Revisiting Isocurvature Bounds on the Minimal QCD Axion
Peter W. Graham, Davide Racco
TL;DR
This work shows that the conventional isocurvature exclusion for high $f_a$ and high $H_I$ in the minimal QCD axion is not generic: if the PQ-breaking sector has a small quartic coupling and couples to gravity via a positive $R$-term, the inflationary decay constant $f_a^{(inf)}$ can exceed the late-time $f_a$, suppressing isocurvature perturbations. The authors model the saxion-axion system with the $2\xi R|\Phi|^2$ coupling, derive the inflationary evolution of $f_a^{(inf)}$, and numerically solve the coupled equations of motion to assess parametric resonance across UV-parameter space. They find sizable regions where isocurvature is avoided without overproducing axions, illustrating the UV sensitivity of the bounds and highlighting the role of inflation and reheating dynamics.
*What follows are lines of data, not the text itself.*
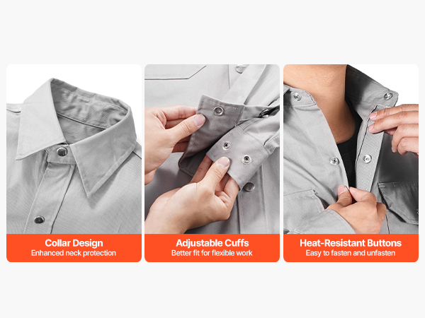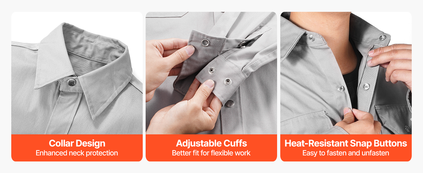 The thoughtfully designed collar provides enhanced neck protection for added safety. Adjustable cuffs offer a better fit, allowing for greater flexibility during work. With sturdy metal snap buttons, the welding safety jacket is easy to put on and take off.
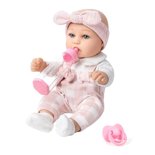 BDDOLL Boneca de bebê de 30,5 cm e acessórios de roupas, conjunto com mamadeira, chupeta, primeiro bonecos, para crianças a partir de 36 meses - O pacote inclui: boneca e roupas de bebê de 30,5 cm, mamadeiras, mamilos. - Parece real: os olhos da boneca têm uma aparência realista. A cabeça e os membros da boneca infantil realista podem ser girados, e a boneca bebê pode sentar e deitar. As roupas de boneca são removíveis e laváveis. - Seguro premium: sem fragrância, lavável, macio e suave, adequado para crianças e ecológico. Se a boneca ficar suja, limpe-a com um pano úmido e ficará como nova. - O presente perfeito: vem embalado pronto para uso ou para entregar como o presente perfeito para o Natal, feriados, aniversários ou qualquer outro momento! - Garantia de serviço: prestaremos atenção à sua experiência de compra. Se você tiver alguma dúvida ou sugestão sobre os produtos que recebe, a tempo e resolveremos o problema para você.
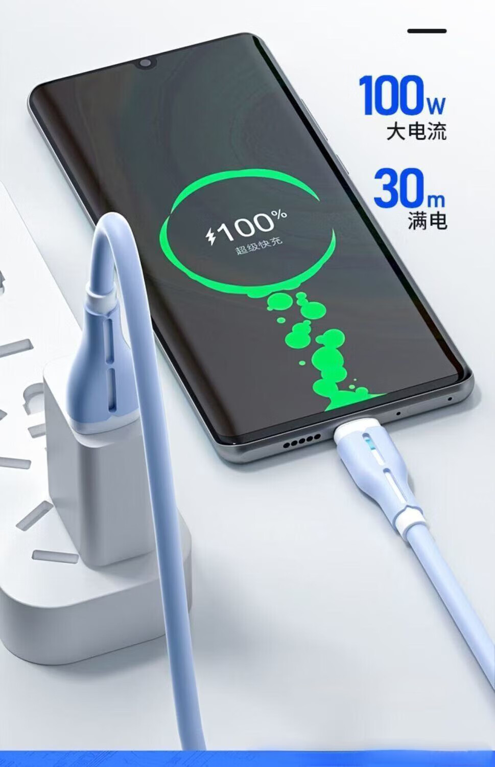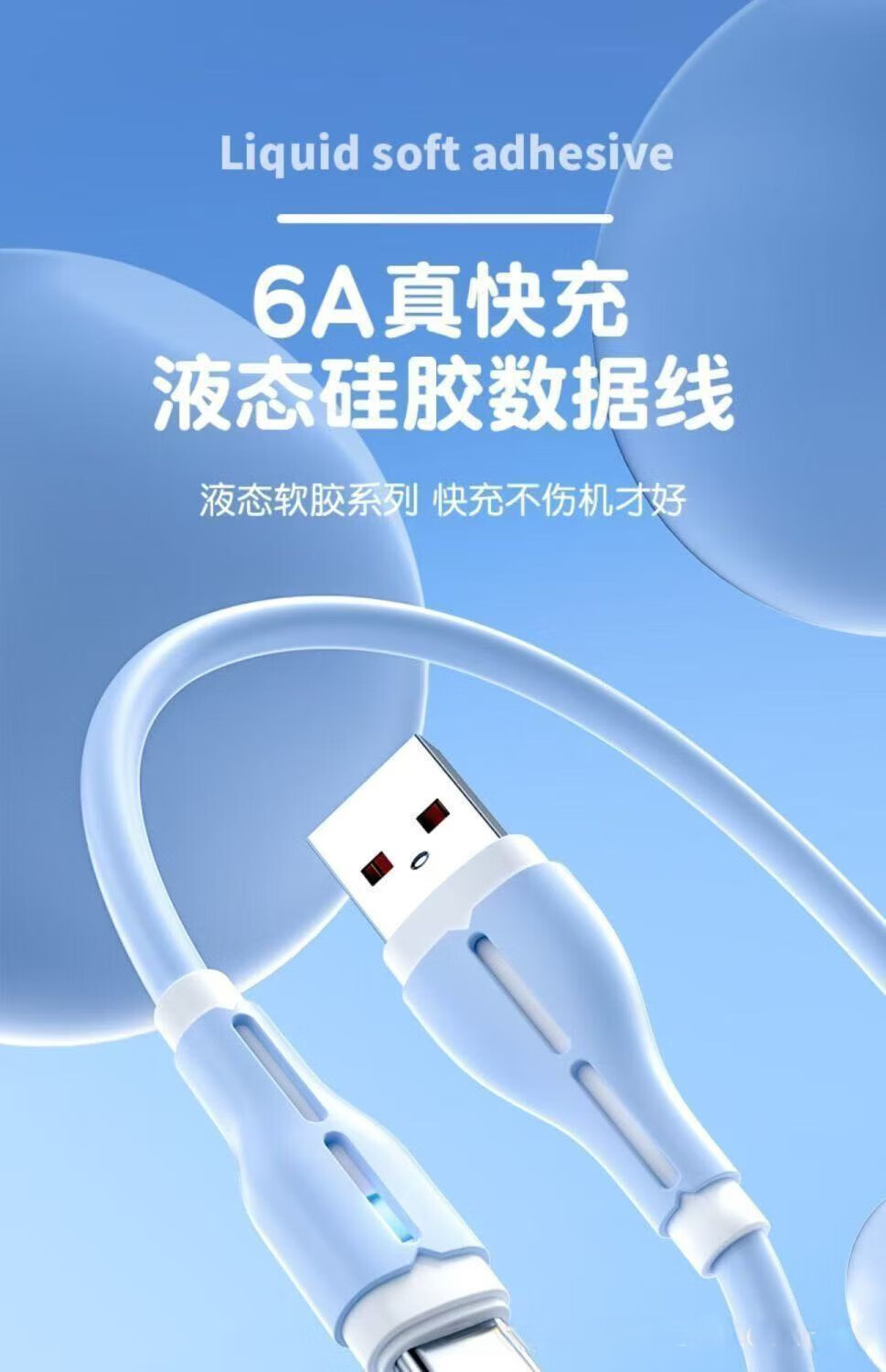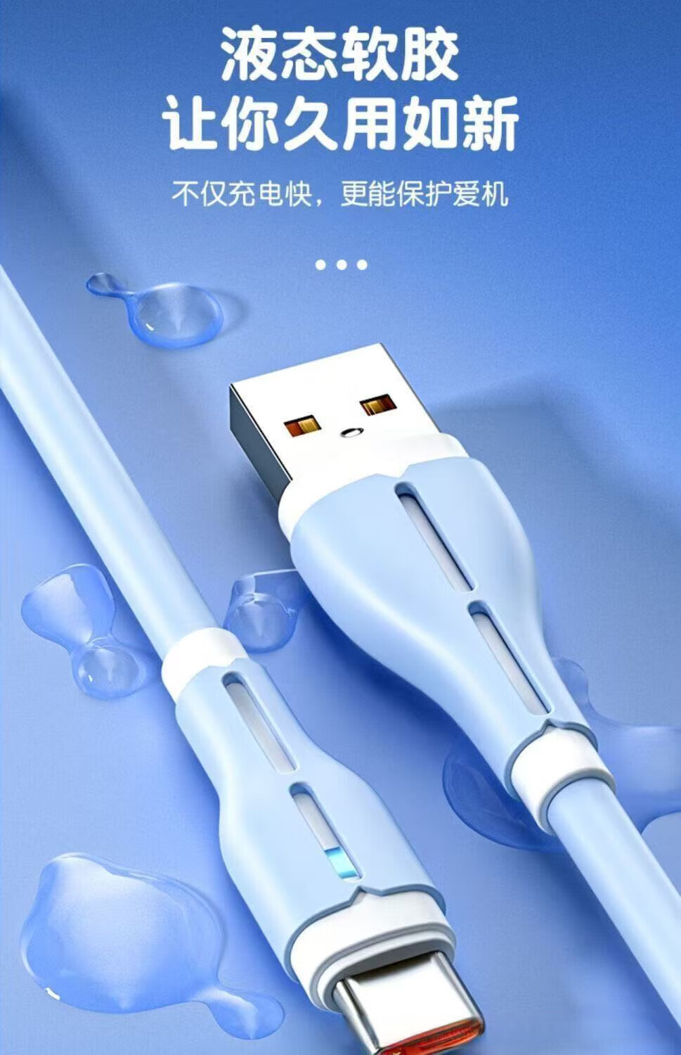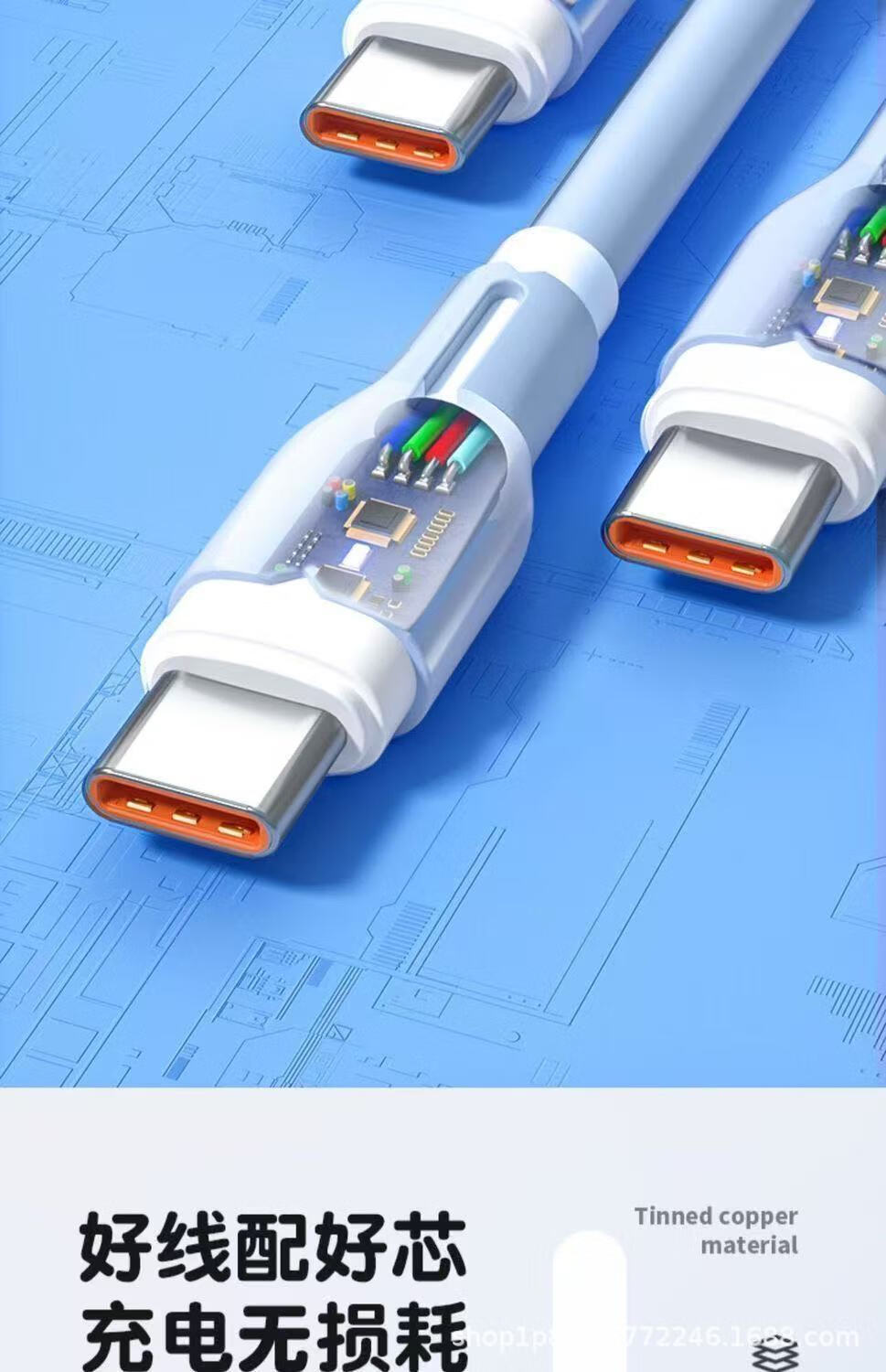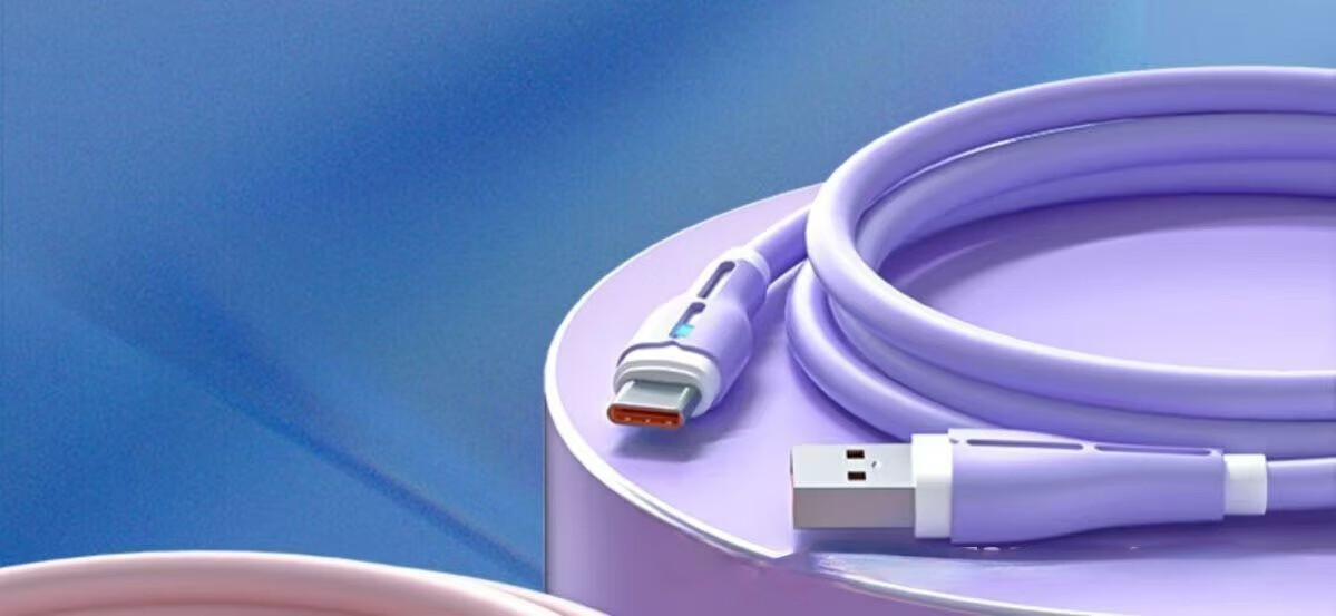 120W fast charging silicone data cable suitable for Huawei Xiaomi Honor mobile phone car 6A indicator charging cable TYPE-C interface blue fast charging 2 meters

These results open substantial portions of the previously excluded $H_I$–$f_a$ parameter space for pre-inflationary axion DM and motivate further UV model-building and potential friction mechanisms to widen viable regions.
Abstract
The QCD axion has important connections to early universe cosmology. For example, it is often said that isocurvature limits rule out a combination of high axion decay constant, $f_a$, and high inflationary Hubble scale, $H_I$. High scales are theoretically motivated, so it is important to ask how robust this constraint is. We demonstrate that this constraint is naturally evaded when the quartic coupling of the complex $U(1)_\mathrm{PQ}$-breaking field is small. In this case, $f_a$ changes from a larger value during inflation to a smaller value in the later universe, suppressing isocurvature perturbations. Importantly, we show that in large parts of parameter space this solution is not jeopardised by overproduction of the axion through parametric resonance. The isocurvature bounds are thus dependent on UV physics. We have found that, even for the minimal QCD axion, large parts of UV parameter space at both high $f_a$ and high $H_I$ are in fact allowed, not ruled out by isocurvature constraints.